Brainstorm
Planning a trip usually means a dozen open tabs — flight search, visa requirement pages, “best time to visit” listicles, a spreadsheet to hold it all together. NearMiles started from the observation that the actual bottleneck isn’t information, it’s synthesis: travelers don’t lack data, they lack someone to turn “somewhere warm, under $800, no visa hassle” into three real options with real prices attached.
Discovery
The persona split — Thrill Seekers, Family Hub, Chill Mode, Foodie Paradise — came out of a simple question: “search by destination” assumes you already know where you’re going, but a lot of travel demand starts from a vibe, not a place. Building discovery around travel style instead of geography meant the search bar could stay a single field (“Where do you want to go? Paris, Bali, Tokyo…”) with a “Surprise me” fallback for people with even less of a plan than that.
Design
Visa status, live flight pricing, and AI itinerary generation are positioned as one flow rather than three features, because that’s the actual sequence a traveler goes through — and normally the point where they give up and open more tabs.
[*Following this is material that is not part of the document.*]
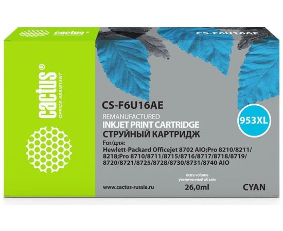 Картридж Cactus CS-F6U16AE №953XL для HP OJ Pro 7740/8210/8218/8710/8715, голубой, 26 мл.

The three-step “Search → See visa + prices instantly → Generate your AI itinerary” band on the homepage is a literal description of the product, not marketing copy. A weekly “Monday Travel Drop” email exists to bring people back between trips, since travel intent is bursty and most visitors won’t convert on their first session.
Build
The itinerary engine builds a personalised day-by-day plan with local tips, cost estimates, and must-see stops from a destination and a small set of preferences, rather than returning a generic city guide. Visa status is checked against 180+ countries and flight prices are pulled live rather than shown as cached estimates — both called out explicitly in the trust row under the hero, since “estimates” is exactly what this product was built to avoid.
Delivery
Shipped with a working search-to-itinerary flow, editor-curated destination picks for cold-start users, and an email capture for retention.